El culto guadalupano en la historia de México es un fenómeno de una dimensión que rebasa cualquier otra cosa. Lo fue en tiempos novohispanos, lo fue durante la lucha de independencia, en el siglo pasado, en la Revolución y actualmente. Es desde luego un hecho conformante de lo que ha ido siendo históricamente el país.

Desde el punto de vista de las artes plásticas la riqueza de la iconografía guadalupana es también apabullante, pese a la limitación de que la imagen canónica no puede ser modificada como tal. Ernesto de la Torre ha reunido parte de esa iconografía, dos grandes exposiciones, una en el Centro Cultural Arte Contemporáneo, en México (1986, con la participación de artistas contemporáneos), y otra más reciente, en Guadalajara, han dado cuenta de ella. El tema es inagotable y ofrece cantidad de lecturas.

Muy recientemente un trabajo de Jaime Cuadriello se preguntaba, a través de la iconografía ''¿Quién pintó a la Guadalupana?'' (¿el Padre, el Hijo, el Espíritu, San Lucas, ella misma...?).

La Guadalupana es hoy tema constante de arte popular, como del arte de estampa y calendario, y lo es de artistas de altos vuelos (como lo mostró la exposición del CCAC a que aludí).

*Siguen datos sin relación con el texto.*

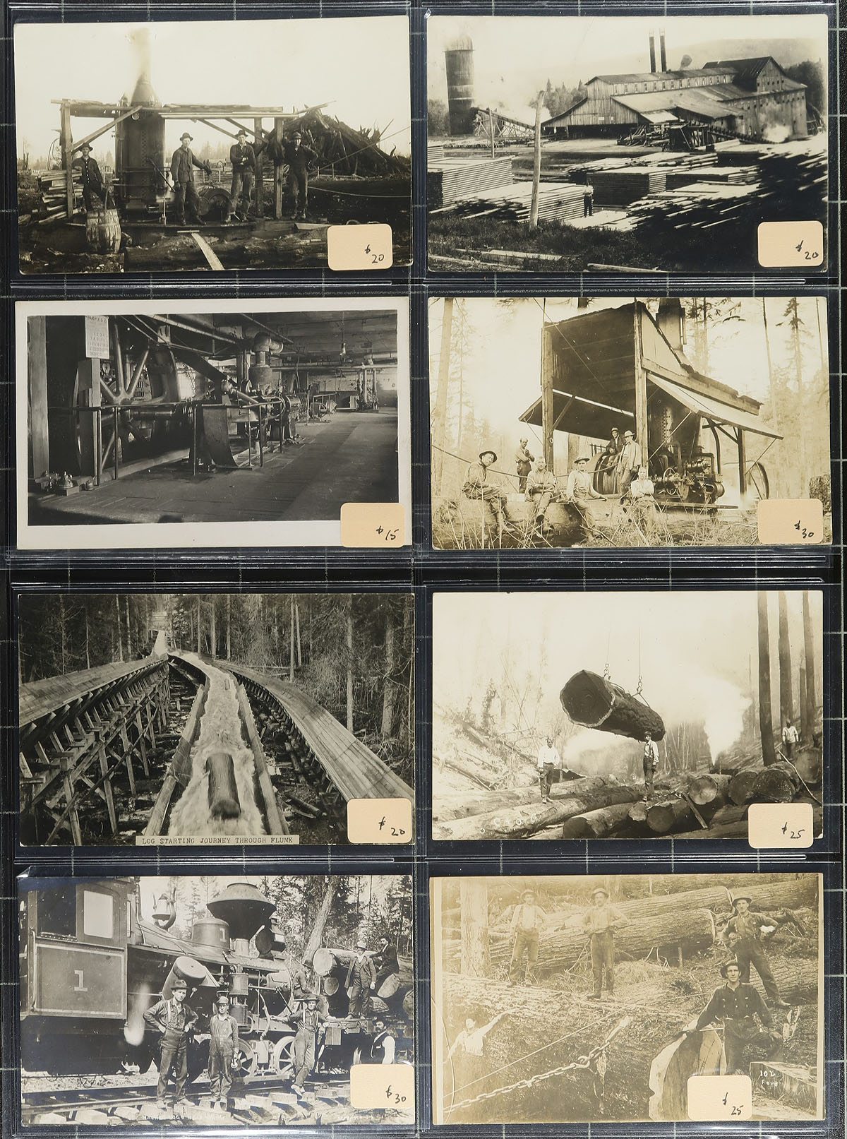 Logging Topical Real Photo Postcard Holding. A tremendously visually enticing offering of 65 Real Photo Postcards, all looking to be pre-1920 featuring logging scenes. All neatly arranged on clear pages, individually sleeved (and dealer priced). While these are not attributed to a specific location, they mostly appear to feature logging operations that would be typical of "west coast" British Columbia / Washington / Oregon. A wonderful social history / logging operation in-sight from an industry at the time that shaped the province / states as we know them today. Take a trip back in time with this lot! The dealer prices add up to $1425.00. An excellent opportunity to acquire a group of better postcards, not often offered in quantity. Estimate =
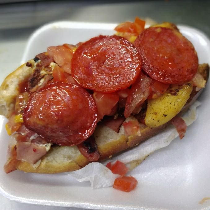 Incluye salchicha para hot dog catsup queso amarilla queso de hebra y tomate una porción de chistorra y un ingrediente a elegir
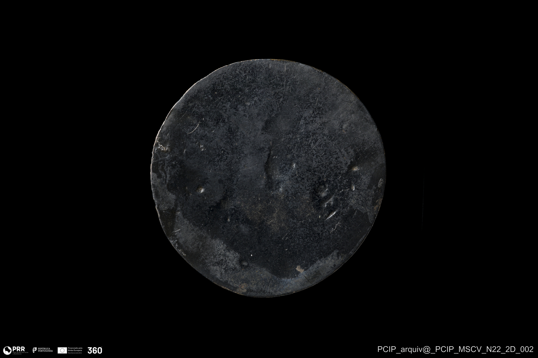 Matéria/Técnica: Metal; Cronologia: Indeterminada; Autoria: Desconhecida; Dimensões: Diâmetro: 18mm; Espessura: 0,5mm.
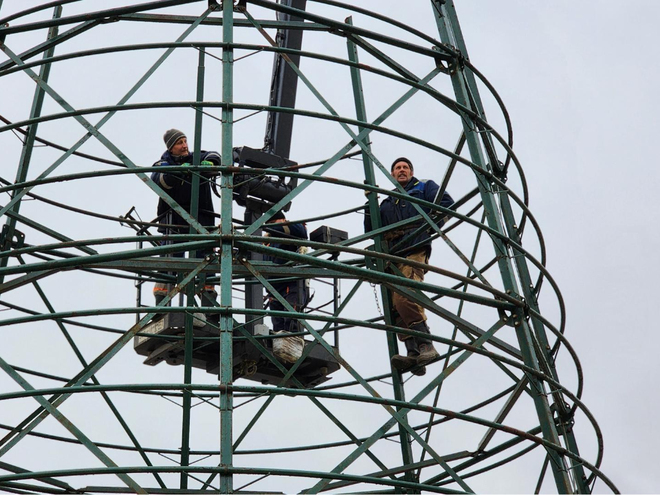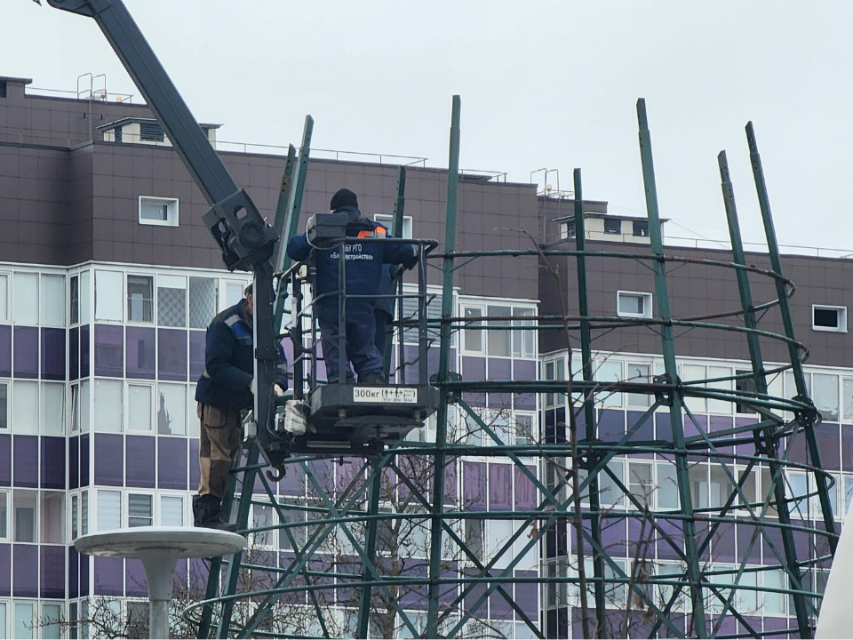 Устанавливают металлический каркас «дерева». В скором времени на него «наденут» пушистые ветки и сверкающие праздничные огни.

Es también, muy marcadamente, tema de los artistas chicanos, con la diferencia, quizá, de que ellos manipulan la imagen --tan propia de su herencia cultural-- con una desenvoltura que no es tan común entre los mexicanos. Todo esto es así: la imagen está ligada, parece que ineluctablemente, a nuestra historia.

Pero de ahí a ciertas afirmaciones que han aparecido en la prensa a propósito de una entrevista que el abad de la Basílica, monseñor Schulenburg hizo a la revista italiana 30 Giorni (y que parece fueron distorsionadas) hay mucha diferencia. Muchos, e increíblemente algunos obispos, han declarado que dudar de la existencia histórica de Juan Diego era atacar a la fe católica. No es así, la fe católica es una cosa y otra la opinión sobre la aparición.

Se puede perfecta y ortodoxamente ser católico no siendo aparicionista, como fue el caso, por ejemplo, de Icazbalceta. O teniendo dudas sobre la existencia histórica de Juan Diego. Don Wilberto Jiménez Moreno, notable historiador, católico de corazón y guadalupano reconocía (en una alocución en la Academia de la Historia) que creía en el milagro, pero no en la fecha de 1531, muy difícil de sostener históricamente, sino en 1556, es decir diez años después de la supuesta muerte del ahora beato.

Se ha repetido en estos días que ''la existencia histórica de Juan Diego está probada documentalmente''. Y no es así. En todo caso está a discusión. Historiadores de la talla de Muñoz, en el siglo XVIII, Icazbalceta en el XIX, De la Maza y Edmundo O'Gorman en el XX, con los documentos en la mano, son de otra opinión.

Pero en todo caso --a menos que haya otro tipo de intereses en el asunto, como por ahí se dice-- ¿vale la pena, fuera de los círculos académicos, reabrir una cuestión tan conflictiva?

Conformémonos con quizá el verdadero milagro: la importancia capital que para nuestra historia ha tenido la imagen del Tepeyac, el hecho innegable de la fe de muchos millones de mexicanos, la abundantísima cantidad de literatura y de obras de arte a que ha dado lugar.